Mama Kat's Losin' It Writing Prompt September 1, 2011: Write about a time you disappointed yourself

2.) Write about a time you disappointed yourself.


Well, this isn't a difficult writing prompt is it? I write about it all the time. My life seems to be a constant disappointment to myself. The more difficult prompt might be "write about a time you were proud of yourself". But, I digress. Most recently, I suppose, I've been obsessing about something. There really is no other way to describe it. Obsession is kind of what I do. I get it into my head and then think about it until it's all I can think about and then I've blown it completely out of proportion and what it began as was nothing more than a passing comment or a glance or a touch and now I've thought it to death. What the hell is wrong with me? I really do want to be like normal people. (Though, who gets to decide what's normal, right?) I just can't get this out of my head and I can't write it down and I can't talk about it because I don't think my family or friends would understand. Or they probably wouldn't understand what I've blown up a nothing into. They would probably understand the nothing. How funny.

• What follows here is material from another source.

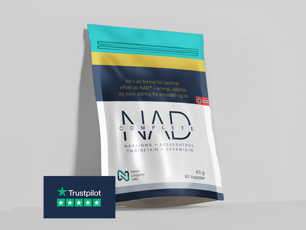 NAD Complete is an all-in-one supplement that combines NMN, Resveratrol, TMG and Spermidine. This unique blend supports the body's natural NAD⁺ levels, energy, cell renewal and healthy aging - all in one capsule.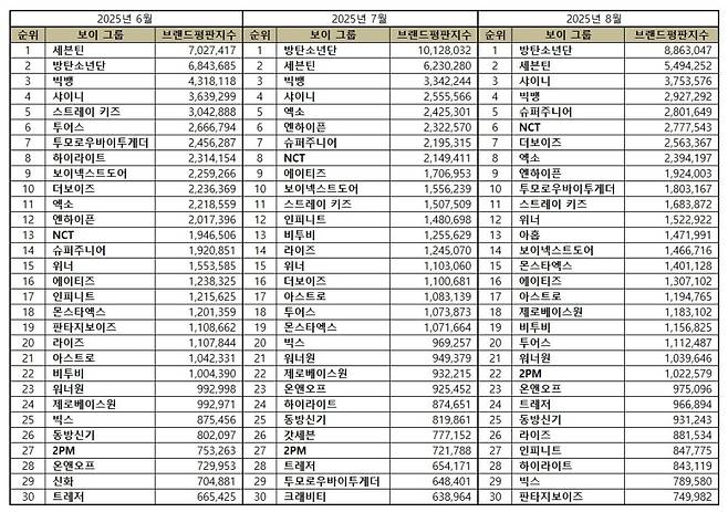 2025년 8월 보이그룹 브랜드평판 30위 순위는 방탄소년단, 세븐틴, 샤이니, 빅뱅, 슈퍼주니어, NCT, 더보이즈, 엑소, 엔하이픈, 투모로우바이투게더, 스트레이 키즈, 위너, 아홉, 보이넥스트도어, 몬스타엑스, 에이티즈, 아스트로, 제로베이스원, 비투비, 투어스, 워너원, 2PM, 온앤오프, 트레저, 동방신기, 라이즈, 인피니트, 하이라이트, 빅스, 판타지보이즈 순으로 분석됐다.

But I can't go back to the nothing. It's already gone. I occasionally think about when it was nothing, but my brain has the incredible, surprisingly super-fast ability to fast-forward to what everything has exploded into and all of a sudden I can't even see what all of this began as.


So disappointed in myself, yet again. Just one more thing to add to the rapidly increasing pile of things I do or have do and probably will do to disappoint myself.